Deegan took the early lead in Heat 1 of the round, but the mood swiftly changed when he became embroiled in a spirited battle with teammate Smith.

On Lap 3, Smith caught Deegan with a fast pass through the whoops. Smith briefly held the lead heading into a bowl turn but Deegan had the inside line and threw a block pass. In the next few turns, the action heated up until Smith eventually ran into the back of Deegan’s Yamaha and crashed.

One of the highlights of the battle seemed to include a moment when Deegan waited on Smith in order to throw a second block pass, adding fuel to the controversy.

After his initial crash, Smith fell to seventh on the next lap. He would crash twice more during the event, ultimately finishing four laps off the pace in 20th.

The topic was inevitably part of the postrace news conference.

“It was good racing; it was fun,” Deegan said at about the 27-minute mark in the video above. “I just had some fun doing it.”

Smith had more trouble in the Last Chance Qualifier. He stalled his bike in heavy traffic, worked his way into a battle for fourth with the checkers in sight, but crashed a few yards shy of the finish line and was credited with seventh. Smith earned zero points and fell to sixth in the standings.

Lawrence defends Deegan
Jordon Smith failed to make the Detroit Supercross Main and fell to sixth in the points. – Feld Motor Sports

“I think he’s like fifth in points,” Deegan said. “He’s a little out of it. Beside that it was good, I don’t know. I wasn’t really paying attention.”

Deegan jokingly deflected an earlier question with the response that he wasn’t paying attention during the incident.

“He’s my teammate, but he’s a veteran, he’s been in this sport for a while,” Deegan said. “I was up there just battling. I want to win as much as everybody else. It doesn’t matter if it’s a heat race or a main; I just want to win. I was just trying to push that.”

As Deegan and Smith battled, Jeremy Martin took the lead. Deegan finished second in the heat and backed up his performance with a solid third-place showing in the main, which was his second podium finish in a short six-race career. Deegan’s first podium was earned at Daytona, just two rounds ago.

But as Deegan struggled to find something meaningful to say, unsurprisingly for a 17-year-old rider who was not scheduled to run the full 250 schedule this year, it was the championship leader Lawrence who came to his defense.

Lawrence defends Deegan
A block pass by Haiden Deegan led to a series of events that eventually led to Jordon Smith failing to make the Main. – Feld Motor Sports

“I just want to point something out, which kind of amazes me,” Lawrence said during the conference. “So many of the people on social media, where everyone puts their expertise in, are saying the racing back in the ’80s, the early 90s, when me were men. They’re always talking about how gnarly it was and then anytime a block pass or something happens now, everyone cries about it.

“That’s just a little bit interesting.
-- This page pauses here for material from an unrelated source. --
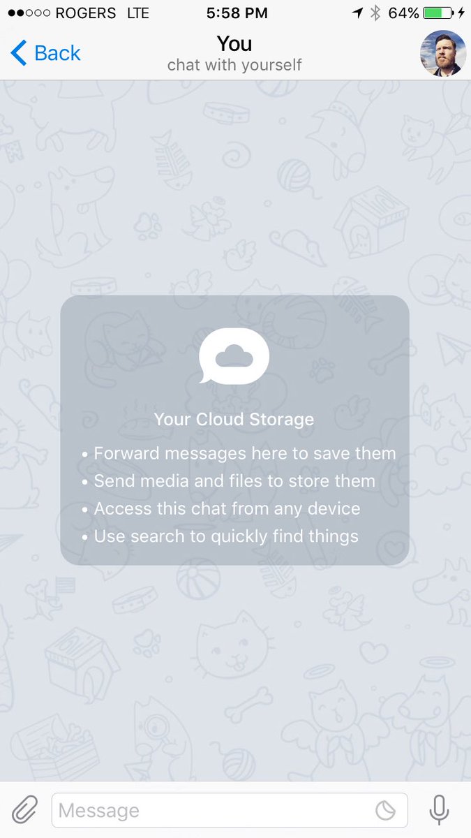 @telegram: chat with yourself! (Send yourself photos, etc so you can access them on different devices)

Pick one. You want the gnarly block passes from 10 years ago and then you get it, everyone makes a big song and dance about it.”

Pressed further, Lawrence defended not only the pass but the decision-making process that gets employed lap after lap in a Supercross race.

“It’s easy to point the finger,” Lawrence said. “We’re out there making decisions in a split millisecond. People have all month to pay their phone bill and they still can’t do that on time.

“We’re making decisions at such a fast reaction [time with] adrenaline. … I’m not just saying it for me or Haiden. I speak for all the guys. No one is perfect and we’re under a microscope out there. The media is really quick to point a finger when someone makes a mistake.”

The media is required to hold athletes accountable for their actions. They are also required to tell the complete story.